Castaway cars

Ever since seeing a picture of some 14,000 "scrappage" cars parked on a disused airfield, I have been appalled at the shocking waste of a useful resource this represents, and wondered what, if anything, could be done to save at least some of them. An article in the Daily Mail of 13th April also lamented this incredible waste and pointed out the flaws in the supposedly 'green' benefits and other negative aspects of the scheme. I think it may not be too late to rescue some of these thousands of cars, with the scheme I outline below. Obviously, many details of the scheme need to be worked out. However, as with all such schemes, it needs plenty of publicity and the recruitment of as many people as possible, (particularly those in influential positions), to get it started.
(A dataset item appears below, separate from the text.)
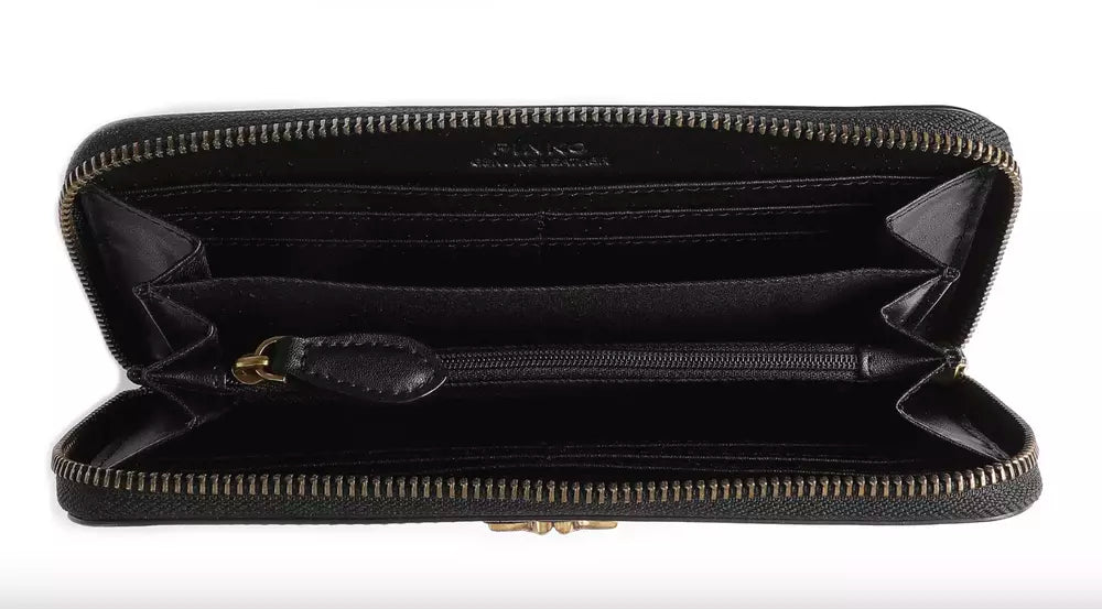 Unveil the epitome of sophistication with this chic black leather wallet, perfect for the fashion-forward individual. It features an exquisite brand logo on the front, paired with a secure zipper closure, ensuring your essentials stay safe and stylishly tucked away. Compact yet spacious, this wallet measures 20x10x2 cm, offering ample room for your cards, cash, and receipts.
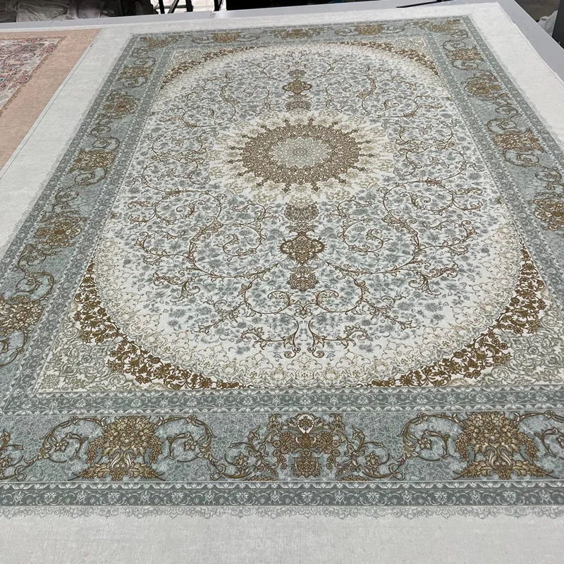 این روفرشی کشدار (کاور فرش) با بهترین کیفیت موجود در بازار و با پارچه مخمل شانل با تراکم خیلی بالا و کیفیت چاپ فوق العاده با طرح بسیار زیبا در سایزهای 4 و 6 و 9 و 12 متری تولید می شود. سایزهای کناره با ابعاد ۱×۱.۵ متر، ۱×۲ متر، ۱×۳ متر و ۱×۴ متر نیز برای این طرح قابل تولید است. لازم به ذکر است که ابعاد بزرگتر از ۱۲ متری نیز برای این طرح قابل تولید است. منتها وقتی عرض از یک مقداری افزایش می یابد، یک دوخت بین کار ایجاد می شود ولی این دوخت، یکپارچگی طرح را بر هم نمی زند و طرح پازلی روی هم می افتد و خود دوخت نیز خیلی پیدا نیست. این کاور فرش دارای کش های دور تا دوری و دو کش کمری است و به همین دلیل روی فرش لیز نمیخورد و جاروکشی آن آسان است. قابل شستشو در لباسشویی (دمای کمتر از ۳۰ درجه برای سلامت کش ها) با تضمین ثبات زنگ و مقاومت در برابر شستشو است. در صورتی که فرش شما نسبت به اندازه های استاندارد کمی بزرگتر یا کوچکتر باشند، می توانید در قبال 100 هزار تومان بیشتر، سایزهای غیر استاندارد نیز سفارش دهید. مدت زمان مورد نیاز برای تولید این کاور فرش از روز ثبت سفارش، ۲۰ روز کاری می باشد. کاورهای فرش به دلیل دریافت سفارش برای تولید، به صورت پرداخت کامل در موقع سفارش است و هزینه ارسال بر عهده مشتری به صورت پس کرایه می باشد. در صورت انتخاب سایز غیر استاندارد، در قسمت توضیحات سفارش، سایز دقیق فرشتان را بنویسید تا دقیقا متناسب با سایز فرشتان تولید شود. توجه شود که برای اندازه گیری سایز باید طول و عرض را با سانتیمتر (ترجیحا متر فلزی) دقیق اندازه بزنید. ریشه را چون تا میخورد نباید حساب کنید ولی بافت سفید قبل از ریشه در اندازه گیری باید در نظر گرفته شود. در نظر داشته باشید متوسط از بین هر ده تا فرش، هشت فرش غیر استاندارد اند. پس حتما سایز دقیق فرشتان را اندازه بزنید و فکر نکنید که فرش شما استاندارد است.

In essence, this involves giving them to some of the poorer African States as part of the £800m aid that is currently given to them (a lot of which no doubt still ends up in Swiss bank accounts!). Select the most suitable cars and drive them (with trade plates if necessary) to the nearest port. Lease car ferries (or any other suitable vessels) that are currently not in profitable service, and transport the cars to selected off-loading ports in Africa. All costs for this exercise would be deducted from the £800m aid, without making much of a dent in it. The benefits to the economies of the receiving states would very soon become apparent, with the rapid growth of small businesses involved in the reception, distribution and selling of the cars, also garages for repair and servicing. In addition, it would give an impetus to road building, and a knock-on benefit to the overall economy in the same way the growth of vehicle traffic did in this country in the 20s and 30s of the last century. The environmental cost would be small, as those moving on to the cars would give up far worse polluting 2-stroke mopeds. Also, there would be an incentive to move on to newer and better cars once the taste for motoring in general was established.

Asked on 17 July 2010 by NJ, via email

Answered by Honest John
That's a sensible idea. There will be a lot of hurdles, but it’s morally sound. A bit like some scrappage cars feeding out of the back door to Poland. But of greater benefit to the world’s poor.